Remember too that because we maintain a higher level of fitness through cycling than the average motorist, we're also more efficient when we're not cycling. We're not carrying extra fat and body mass that has to be maintained through eating more doughnuts. We're not clogging up hospital beds with coronaries brought on through sitting in traffic for years and never getting our hearts pumping.

A simpler way of looking at this is whether what you're doing is 'good', 'not awful', or 'awful'. To commute on foot or bike is good, to commute by train isn't dreadful, to do so by car puts you at a disadvantage (morally, ethically and physiologically). Ain't that complicated.
 

Pedal Post

New Member
Little_McKay said:
Wow!

Cycling = 788g
Car = 12kg

We really are doing our bit, eh? Think I'll defo be keeping this cycling thing up! lol

I am pleased that this is making an impact!

;)
 
I never trust these calculators. In this case, I couldn't even see the site - it tells me I'm running Explorer 6 and I need to upgrade first. That in itself would produce CO2 (think of all the computers powering the internet) ... and besides, I cannot install such stuff on my office computer.

The thing is, the alternative for my bike commute is the London Underground. But my tube journey has no inoticeable incremental effect on power consumption of the tube train, and will not lead to the production of extra trains either: TfL will not in a million years (well, not in the next couple of years in any case) run extra trains to accommodate more passengers on the Northern Line. So a tube-generated CO2 emission figure, allocated to me based on my 'share' of overall CO2-production by the Northern Line would be misleading.

CO2 emissions for such forms of transport are not linear, but stepped, and cannot be allocated to individual travellers in a meaningful way that gives the individual traveller a choice of CO2-impact reducing behaviour. Methinks.
 
As an added thought: if it's true that regular cyclists stay healthier and alive for a few more years than non-cyclists, then that needs to be reflected in the calculation as well. "We" green cyclists will continue to lead lives on this planet for longer than our car-driving and train-travelling brothers and sisters, who will kick the bucket before we do. "We" will thus continue to belt CO2 into the air for longer - bad on us.

Now this could all be compensated for if rumours about time in the bicycle saddle resulting in reduced fertility for men were true, but I understand that there is little substance to that fertility-issue-rumour. As a group, we might have compensated for our longer lives by having fewer children otherwise ...
 
OP
OP
HJ

HJ

Cycling in Scotland
Location
Auld Reekie
WimbledonCyclist said:
Now this could all be compensated for if rumours about time in the bicycle saddle resulting in reduced fertility for men were true, but I understand that there is little substance to that fertility-issue-rumour. As a group, we might have compensated for our longer lives by having fewer children otherwise ...
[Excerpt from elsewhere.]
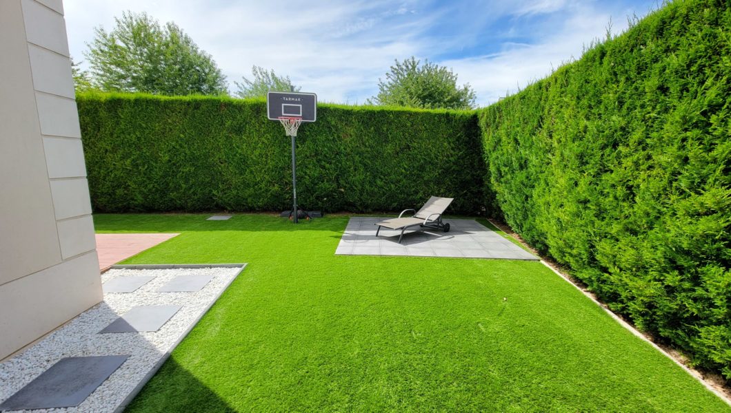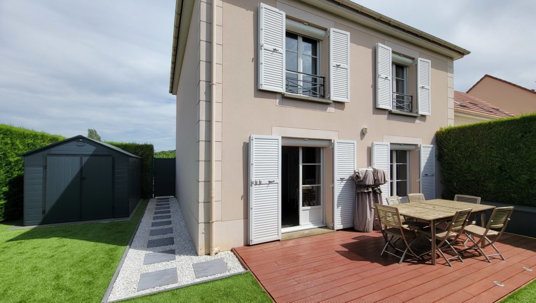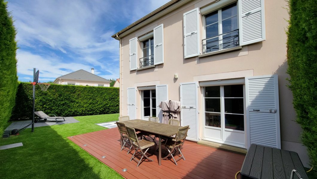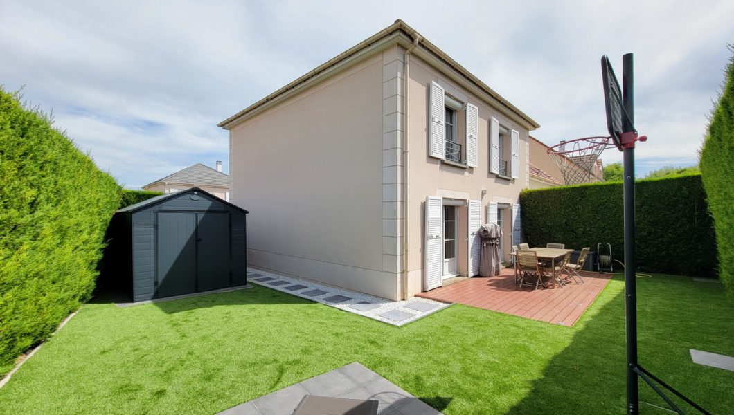 Jardin arrière et latéral au calme avec cabane de rangement, 2eme terrasse et pas de vis-à-vis. Exposition Est-Ouest.

There is very little evidence to support the reduced fertility rumour, you only have to look at the popularity of cycling in the first half of the last century, if it were true then most of us wouldn't be here now! :tongue:
 

jonesy

Guru
WimbledonCyclist said:
...

CO2 emissions for such forms of transport are not linear, but stepped, and cannot be allocated to individual travellers in a meaningful way that gives the individual traveller a choice of CO2-impact reducing behaviour. Methinks.

I quite agree. There is a vast difference between average emissions per passenger km and marginal emissions per p-km. Unfortunately CO2 calculators like the one on Transport Direct confuse the two. If you use average emissions as the basis for choosing mode on an individual journey, you end up doing perverse things like concluding you shouldn't take public transport off-peak and should drive instead, which means more CO2 is emitted, instead of using the spare capacity on a vehicle that was already going to travel.